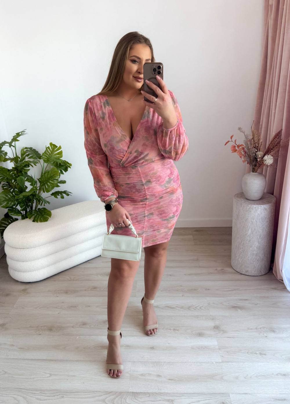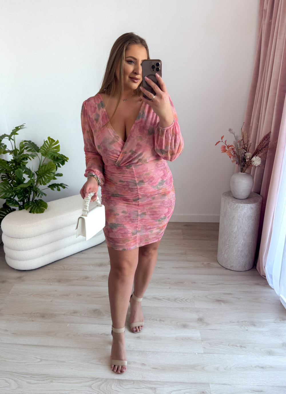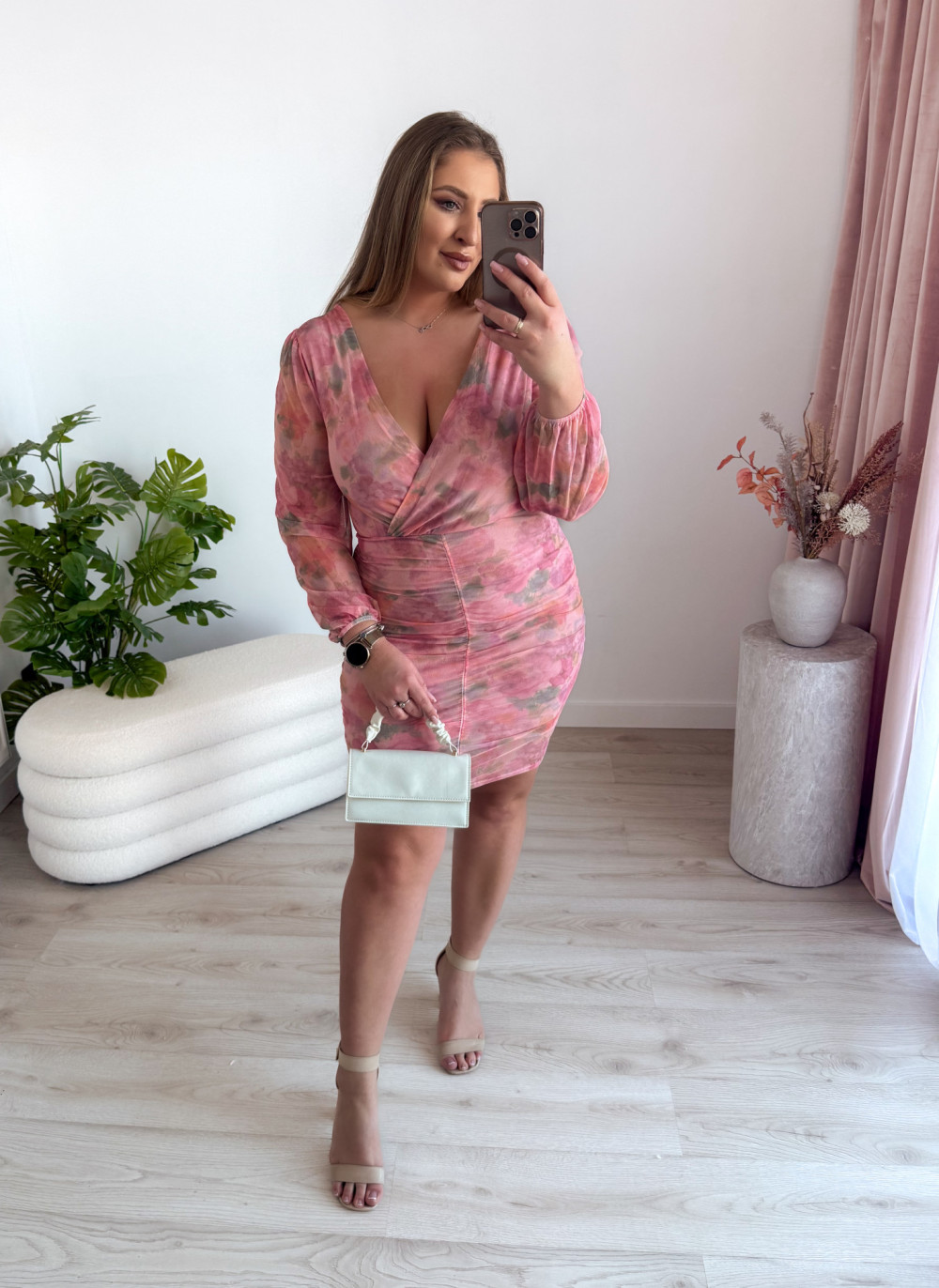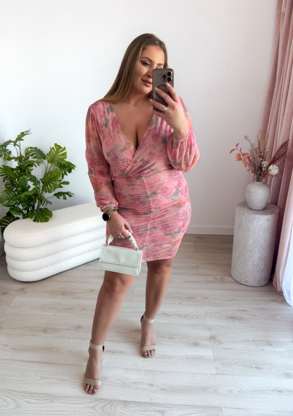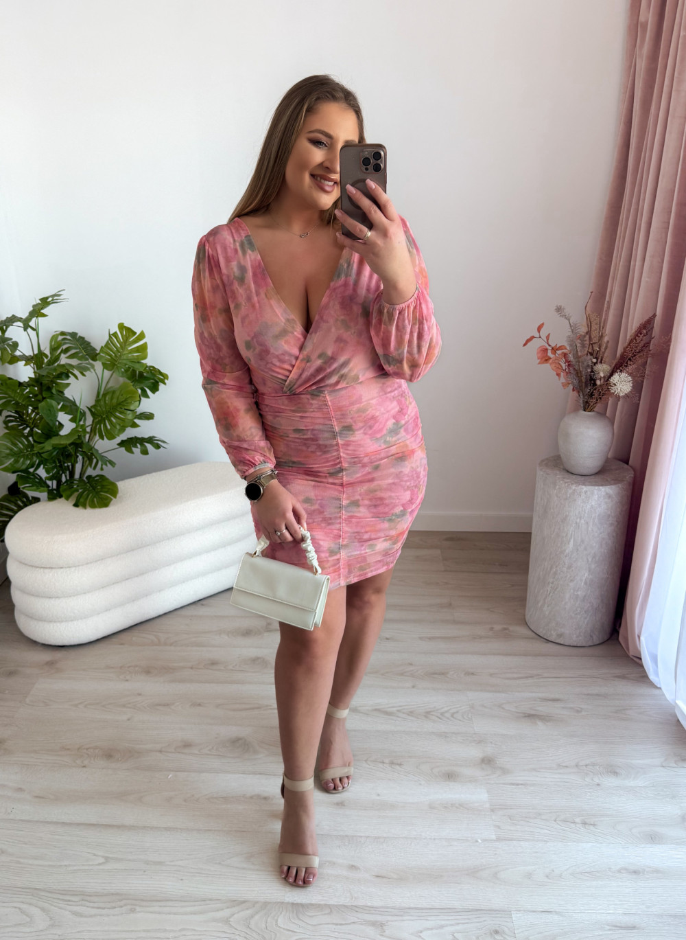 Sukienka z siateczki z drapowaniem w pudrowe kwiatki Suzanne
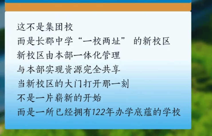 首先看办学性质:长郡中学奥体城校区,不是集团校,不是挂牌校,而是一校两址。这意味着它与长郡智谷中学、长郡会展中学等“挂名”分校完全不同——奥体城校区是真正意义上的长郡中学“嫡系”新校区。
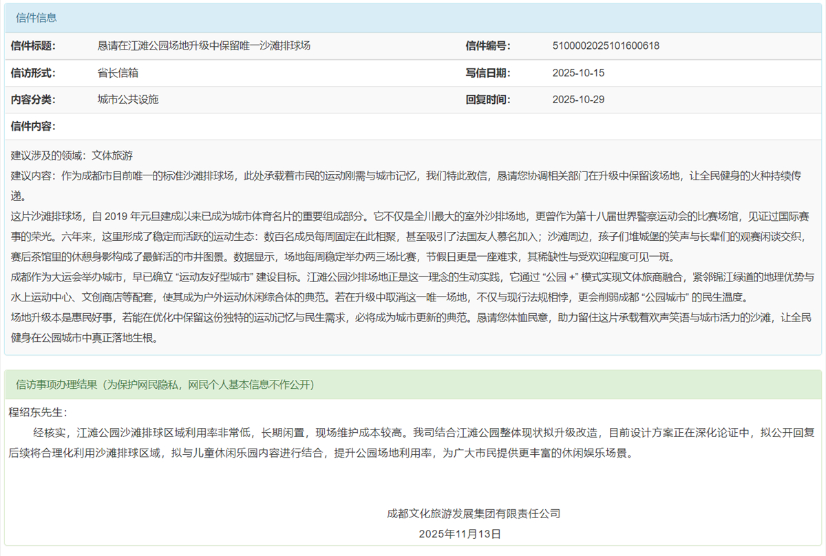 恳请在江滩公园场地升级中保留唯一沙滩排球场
-=-=-
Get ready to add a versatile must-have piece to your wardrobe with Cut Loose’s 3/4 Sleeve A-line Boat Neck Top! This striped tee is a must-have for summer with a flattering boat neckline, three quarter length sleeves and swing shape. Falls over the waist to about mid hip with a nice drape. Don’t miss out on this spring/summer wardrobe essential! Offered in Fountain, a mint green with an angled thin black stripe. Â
-=-=-
--- Problem ---
Within the data above, repeat exactly the lines from the one bearing "首先看办学性质:长郡中学奥体" through the one bearing "恳请在江滩公园场地升级中保留唯一沙滩排球场". Include no pictures and nothing else.

--- Answer section ---
 首先看办学性质:长郡中学奥体城校区,不是集团校,不是挂牌校,而是一校两址。这意味着它与长郡智谷中学、长郡会展中学等“挂名”分校完全不同——奥体城校区是真正意义上的长郡中学“嫡系”新校区。
 恳请在江滩公园场地升级中保留唯一沙滩排球场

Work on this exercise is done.